Dear President Mubarak:

We write to you with regard to the impending execution of Yunis Muhammad Mahmud `Alyan, Osama Muhammad `Abd al-Ghani al Nakhlawi, and Muhammad Jayiz Sabbah Husain. On November 30, 2006, a State Security Emergency Court in Isma`iliyya convicted the three men in connection with the October 7, 2004 bombings in and around Taba. The accused do not have the right to appeal the verdicts and sentences of this court. Only the President of the Republic can order a retrial or alter the sentences. We understand that legal advisers in your office have recommended that you ratify the death sentences against these men, and that their execution may be imminent.

Your Excellency, Human Rights Watch recognizes the responsibility of the government to apprehend and bring to justice persons suspected of responsibility for serious crimes, and we certainly agree that the Taba attacks were horrific and inexcusable assaults that killed and severely injured scores of innocent people.

Human Rights Watch, however, opposes capital punishment in all circumstances because of its cruel and inhumane nature. Respect for the inherent dignity of all human beings cannot be reconciled with this form of punishment, which is unique in its barbarity and finality. The intrinsic fallibility of all criminal justice systems, we believe, assures that a state may execute innocent persons even when full due process of law is respected.

While the death penalty has not been abolished as a matter of international law, there is consensus that it be imposed only in cases where due process has been scrupulously applied. Given the seriousness of the crimes for which these men stand accused, and the charges against them, the government should have made every possible effort to ensure that the judicial proceedings them met international fair trial standards.

Regrettably, as we pointed out at the conclusion of the court sessions, the trials of these three men did not meet these standards.
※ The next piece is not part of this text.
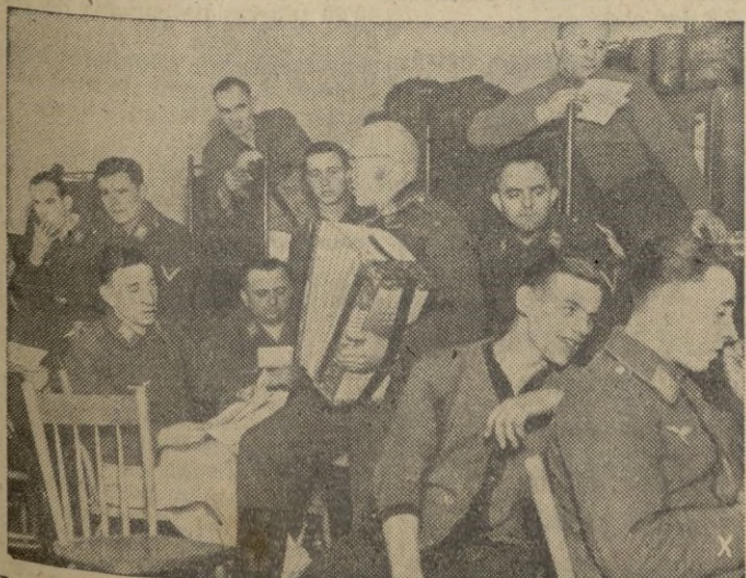
Los automovilistas, d. un. columna d. transporte, d. scan-san de su largo viaje en una ciudad rusa, próxima al frente de combate.

Among the gravest flaws in those proceedings were serious allegations of torture, coerced confessions, prolonged incommunicado detention, and lack of consultation with legal counsel. A lawyer who observed the trials on behalf of Human Rights Watch also noted numerous other irregularities. The court, for example, was not troubled that Yunis Muhammad confessed, following what he alleges was serious torture at the hands of State Security officers, to having used a different kind of bomb in a different place and using a different car than crime scene investigators had concluded had been used and placed in the Taba attacks.

Your Excellency, we urge you in the strongest terms to use the powers vested in your office to halt any further steps to carry out these death sentences, and to order re-trials of these three individuals before a court of law whose proceedings meet international fair trial standards.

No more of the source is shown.